Всё тихо. Подбородок
в окне колышется двойной.
Две брови выгнулись волной,
губительной для лодок.
К утру, подагрой изнурён,
прелат нарушил мирный сон
природы: «Мать твою крести!
Я сдохну посреди пути!»
Служитель в замке Эльбердам
не разбудил, зараза.
Ух сколько брани было там!
Запас дорожный аз воздам!
усох почти в два раза.
Под Лемницем дорога дрянь,
сломалось колесо, и глянь
вновь повод к перепалке:
«Ах ты, дерьмо на палке!»
О, Мюнхен! Порт пивных морей!
О, пенная прохлада!
В пивной паршивый брадобрей
задел посудиной своей
молитвенник прелата.
Как тот на дурака понёс!
«Свиная жопа, вшивый пёс,
блевота в кислом тесте!
Спалить тебя на месте!»
Проклятьями почти убит,
несчастный ставит пиво
во искупление обид.
Но патер, исчерпав лимит,
повеселел на диво:
«Ах, Мюнхен! Всех монахов дом!
Оставив скупость на потом,
здесь буду помышлять о том,
когда пришлёт духовный
добро на пыл греховный.
Запас, что он в дорогу дал,
был для меня настолько мал,
а путь такой неровный!»
АЛЬФРЕД ЭДУАРД ХАУСМЕН
(1859-1936)
* * *
Каштан роняет факелы, кружится
Боярышника цвет поди поймай!
В плену дождя домов слепые лица.
Дай кружку, милый! Умирает Май.
Весна продлила оскуденье наше,
Богатый собран урожай невзгод.
Грядущий май, наверно, будет краше,
Но с ним придёт наш двадцать пятый год!
Уж верно мы не первыми в таверну
Ретировались, буре за стеной
Отдав мечты и проклиная скверну,
Которой создан грубый мир земной.
Несправедливость властвует судьбою:
Сроднённым душам воздаянья нет.
Веселье позади, и нам с тобою
Нести до гроба убиенный свет.
Несправедливость... Дай же кружку, милый!

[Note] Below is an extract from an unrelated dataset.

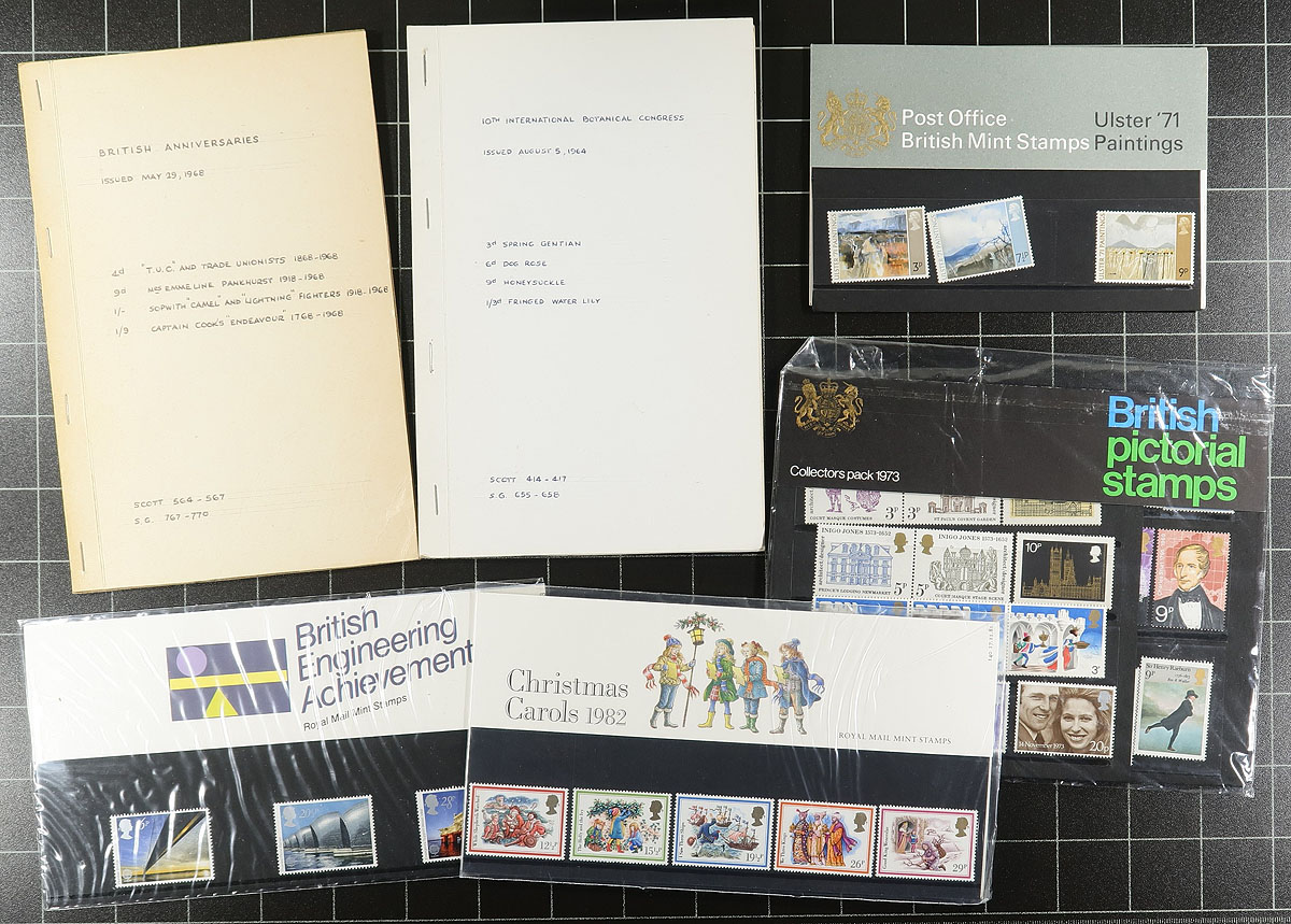 Balance of mint and primarily used Great Britain issues, 1911-1990's, containing a few thousand stamps in a variety of formats including several album or stock pages, presentation packs, small books, and more. The lot generally ranges from Scott #151/1838, containing singles, sets, back of the book issues, varieties and more. A cursory check indicated accumulations of mainly KGVI and Elizabethan issues, including several homemade books containing specialized collection of individual 1960's issues highlighting shade, and small varieties, a small selection of Seahorse issues, roughly 30 presentation packs (mostly from the 1970's), and more, noting some issues cataloguing $10 and up. Overall fine to very fine. Estimate =

В подлунном мире мы не короли.
Удел людской вот наш удел унылый:
Хотим Луну, а ляжем в прах Земли.
Сегодня туча к нам явилась в гости
Ей завтра быть вдали от этих мест,
Иная плоть сожмёт иные кости,
Иную грудь уныние изъест.
Нам вечность дарит беды непреложно,
Наш гордый прах её прямая цель,
Но эту ношу выдержать возможно.
Подставь плечо под небо. Пей свой эль.
СТИВЕН ВИНСЕНТ БЕНЕ
(1898-1943)
МАЛАЯ ЛИТУРГИЯ
Наше время туман, и мало в нём светочей,
Как личных, так и всеобщих
Из тьмы его я творю литургию
Для падших, падающих, отчаявшихся,
Для все, кто страдает не во плоти
Я назову имена потом.
Она для тех,
Кто бранит бородача в скромном офисе
И вдруг, разъяснив ему состоянье дел,
Срывается в надрывный крякающий плач;
Кто живёт вечеринками, вожделея смерть;
Кто совершает сельский моцион,
Удивляясь зевакам;
Кто хочет развесить коврики в гостиной
И, сделав это плохо, рад похвале;
Для ночи и страха, для демонов ночи;
Для тела на кушетке и взвинченных реплик.
Она для тех,
Кто может и не работать,
Кто внезапно подходит к запертой двери,
Выронив работу из рук;
Кто сходит с тротуара прямо в ад,
Не заметив ни сигналов, ни красного света,
Слишком занят, невежествен или горд.
Она для тех,
Кто скован в бумажных цепях,
Звенья которых крепче стальных; она для тех,
Кто катит камень из папье-маше
Вверх по горящей горе,
И нет ни камня, ни горы, но они не знают.
Она для тех,
У кого с шести рюмка,
В одиннадцать таблетка;
Кто страстно желает во тьму, но не уходит,
Кто идёт к окну и видит паденье тела,
Затем слышит глухой удар,
Возвращается в офис и вновь садится,
Ничего не заметив, думая о своём.
Иисус, помилуй нас.
Мистер Фрейд, помилуй нас.
Жизнь, и ты помилуй нас.
Она для тех,
Кто тяжко тянет тёмную рыбу из тьмы,
Детский кошмар, их болью хранимый,
И потом, приходя в порядок или нет,
Не забывает вкус серы во рту,
Те времена, когда мир был другим, хоть недолго.
А также для тех ветеранов
Иного рода войны,
Что говорят на коктейлях «Нет, спасибо.
Дайте мне кока-колу» с киношной улыбкой,
Тех, кто ловко прятал спиртное в чемодане,
Подкупал слугу, обещал быть хорошим,
Просыпался на грязной койке в чужом городе.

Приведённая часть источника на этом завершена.